### Goal of the exercise
Could you restate word for word only the lines below from the one holding "Hizmet ücreti alıcı" to the one holding "люблю бутерброды. для", inclusive, and leave out the pictures?

### Data provided
============

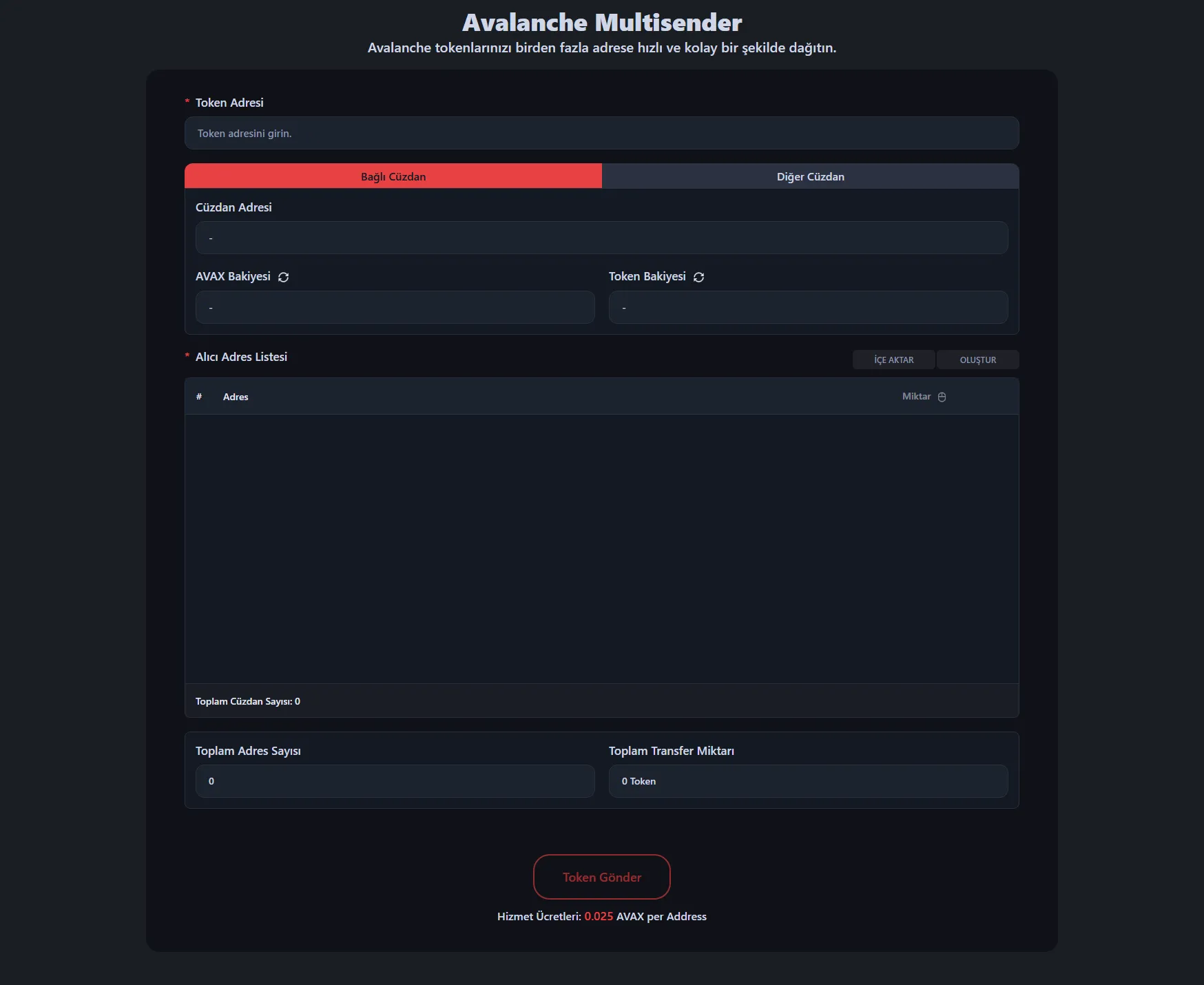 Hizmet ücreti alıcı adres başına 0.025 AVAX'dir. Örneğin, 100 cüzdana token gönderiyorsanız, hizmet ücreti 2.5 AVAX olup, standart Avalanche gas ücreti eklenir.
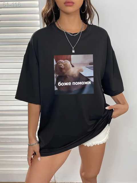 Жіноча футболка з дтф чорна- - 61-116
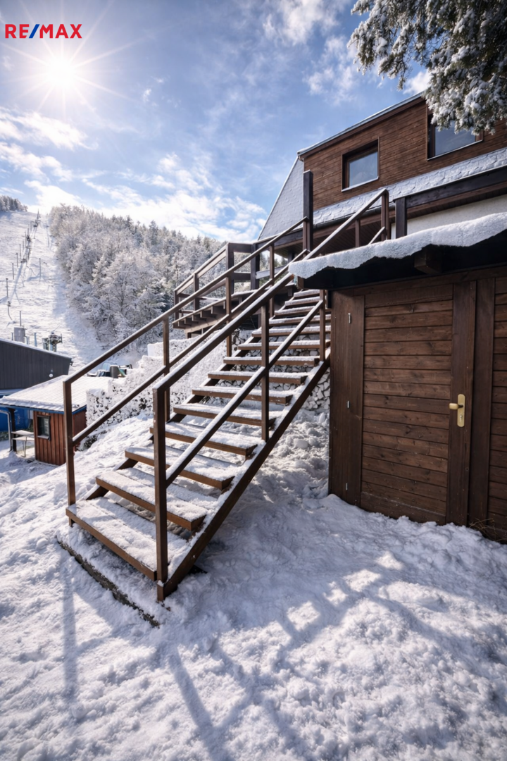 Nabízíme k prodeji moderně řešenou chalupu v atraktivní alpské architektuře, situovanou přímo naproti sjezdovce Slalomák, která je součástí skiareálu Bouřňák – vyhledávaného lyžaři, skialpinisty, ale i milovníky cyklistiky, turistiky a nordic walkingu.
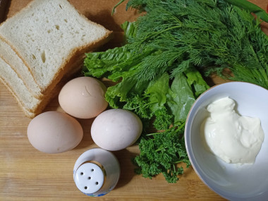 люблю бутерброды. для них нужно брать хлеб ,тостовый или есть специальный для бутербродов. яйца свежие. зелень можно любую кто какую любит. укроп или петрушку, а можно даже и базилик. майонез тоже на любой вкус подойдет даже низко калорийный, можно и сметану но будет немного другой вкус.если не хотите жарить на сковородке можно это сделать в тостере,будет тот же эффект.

============

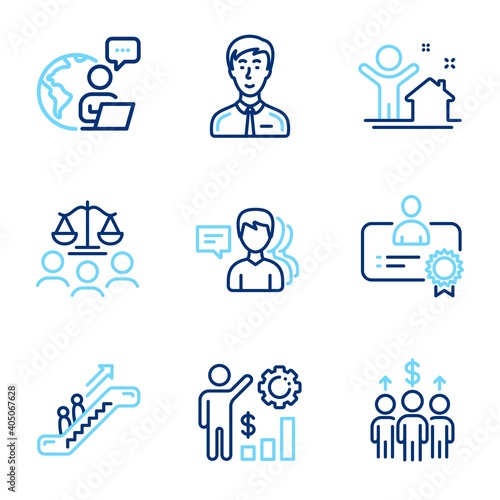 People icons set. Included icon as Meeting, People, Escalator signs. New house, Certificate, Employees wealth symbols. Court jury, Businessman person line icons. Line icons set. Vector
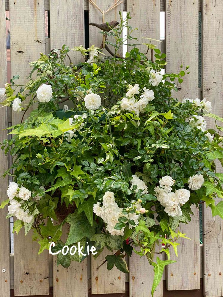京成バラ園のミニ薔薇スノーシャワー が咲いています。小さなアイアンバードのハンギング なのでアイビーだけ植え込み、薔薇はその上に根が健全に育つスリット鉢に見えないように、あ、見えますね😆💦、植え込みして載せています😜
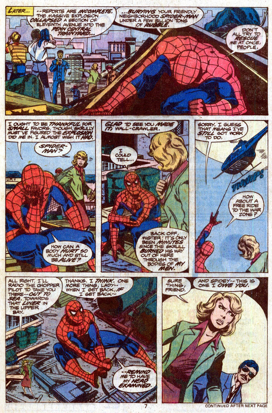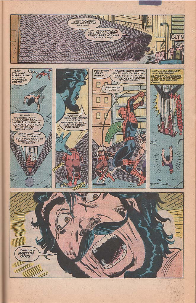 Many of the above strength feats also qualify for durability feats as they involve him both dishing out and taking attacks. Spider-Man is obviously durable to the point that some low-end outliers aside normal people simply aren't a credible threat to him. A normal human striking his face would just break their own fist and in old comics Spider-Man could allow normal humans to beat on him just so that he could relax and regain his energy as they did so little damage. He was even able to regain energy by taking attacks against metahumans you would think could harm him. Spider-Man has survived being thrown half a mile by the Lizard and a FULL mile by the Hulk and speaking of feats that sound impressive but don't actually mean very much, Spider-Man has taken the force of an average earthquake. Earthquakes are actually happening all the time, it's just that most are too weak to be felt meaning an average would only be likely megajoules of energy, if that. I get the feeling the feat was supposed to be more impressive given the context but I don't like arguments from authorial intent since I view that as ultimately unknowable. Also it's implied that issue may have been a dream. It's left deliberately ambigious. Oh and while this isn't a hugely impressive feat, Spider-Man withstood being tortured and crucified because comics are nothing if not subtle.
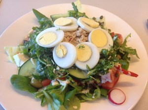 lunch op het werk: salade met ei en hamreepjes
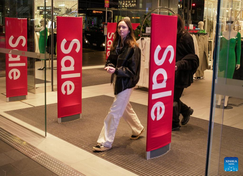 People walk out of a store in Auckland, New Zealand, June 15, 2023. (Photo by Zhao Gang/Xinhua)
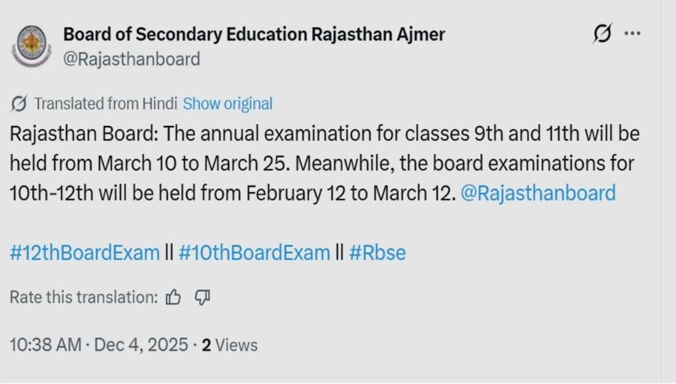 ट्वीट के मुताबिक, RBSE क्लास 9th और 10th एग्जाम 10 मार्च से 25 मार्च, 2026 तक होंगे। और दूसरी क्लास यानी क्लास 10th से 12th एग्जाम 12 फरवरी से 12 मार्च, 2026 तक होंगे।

============

### Expected output
 Hizmet ücreti alıcı adres başına 0.025 AVAX'dir. Örneğin, 100 cüzdana token gönderiyorsanız, hizmet ücreti 2.5 AVAX olup, standart Avalanche gas ücreti eklenir.
 Жіноча футболка з дтф чорна- - 61-116
 Nabízíme k prodeji moderně řešenou chalupu v atraktivní alpské architektuře, situovanou přímo naproti sjezdovce Slalomák, která je součástí skiareálu Bouřňák – vyhledávaného lyžaři, skialpinisty, ale i milovníky cyklistiky, turistiky a nordic walkingu.
 люблю бутерброды. для них нужно брать хлеб ,тостовый или есть специальный для бутербродов. яйца свежие. зелень можно любую кто какую любит. укроп или петрушку, а можно даже и базилик. майонез тоже на любой вкус подойдет даже низко калорийный, можно и сметану но будет немного другой вкус.если не хотите жарить на сковородке можно это сделать в тостере,будет тот же эффект.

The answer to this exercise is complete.